Оторванность Майами и его «розовые очки» идеально нам подходили. Когда моя мать была вынуждена сообщать печальную новость – например, у кого-то из наших знакомых диагностировали рак, – она втискивала ее между двумя другими: о том, что сегодня на ужин, и во сколько у меня тренировка в группе чирлидерш. Плохая новость проскакивала так незаметно, что я вообще могла усомниться о том, что ее слышала.
На дворе стояли 1980-е, а это означало начало американского бума разводов. Я часто узнавала, что знакомые мне пары расходятся, но никогда не слышала почему. Мои родители особенно не распространялись о взаимоотношениях между членами нашей семьи, не говоря уже о чужих людях. Однажды я случайно услышала, как они шепотом обсуждают мою тетку-алкоголичку, но стоило мне заинтересоваться подробностями, как они немедленно замолчали. (Годы спустя я узнала, что после первой «Кровавой Мэри» тетушка неизменно заводила антисемитские речи.)
Считалось, что детям ни к чему слушать о подобном. На самом деле к этой категории относилось практически все. События в мире, новую одежду и летние отпуска мы описывали, используя одни и те же штампы: «Это ужасно», «Смотрится очаровательно», «Мы прекрасно провели время». Люди, достойные нашего одобрения, были «потрясающими» (одна из подруг моей матери имела привычку называть красивых женщин «пальчики оближешь»); те, кто нам не нравился, нас «раздражали». Если кто-нибудь позволял себе слишком долго распространяться на одну и ту же тему, он причислялся к разряду «скучных» или «не умеющих себя вести». (Позже я пойму, что эти «скучные» люди были среди нас почти интеллектуалами.)
Разумеется, мои родители были не единственным для меня источником информации. Я знала о СПИДе, о политзаключенных, о колумбийских наркокартелях, совершавших в Майами убийства. Я читала книги, персонажи которых обладали интересной биографией, противоречивыми чертами характера и напряженной внутренней жизнью. Но как послушный старший ребенок, я верила, что происходящее у нас дома было настоящей жизнью. В нашем доме мы не искали логических связей между фактами, не анализировали собственный опыт и не строили предположений относительно других людей. Мы не обсуждали историю своей семьи, свою этническую принадлежность и свое социальное положение. Привлечь внимание к реальным сложностям жизни означало нарушить наш душевный покой. Это было то же самое, что вслух сказать: «Ларри Гудман упал в бассейн».

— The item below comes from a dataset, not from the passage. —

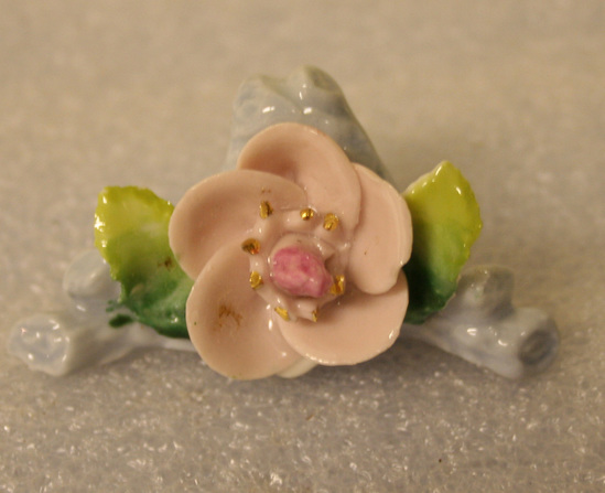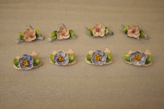 A-D - 4 ceramic place card holders. Large blue flower with green leaf on either side. Pink base and fencing behind flower. E-H - 4 ceramic place card holders. Large pink flowers with small gold accents in center. Green leaf on either side. Light blue base, raised in center behind flower. "Made in Germany" stamped on bottom of all eight holders.

С возрастом я стала понимать, что взрослые разговоры о жизни протекали в некоем параллельном пространстве, и поверила, что повседневная болтовня ни о чем служит прелюдией к тому дню, когда мы сядем вместе и все обсудим. Я радовалась, когда мама после похода в супермаркет приносила домой очередной том популярной энциклопедии – наконец-то в доме появились факты. (Иногда приходилось ждать, когда в продаже снова появится какой-нибудь том из тех, что раскупались особенно быстро, например том на букву С.)
Ирония состоит в том, что мое детство было чем-то вроде дымовой завесы, за которой не скрывалось ничего. Я уверена, что Ларри Гудман выбрался из нашего бассейна целым и невредимым. Скорее всего, он даже не был пьяницей. По большей части дымовая завеса приятных слов и хороших новостей не прятала ничего ужасного.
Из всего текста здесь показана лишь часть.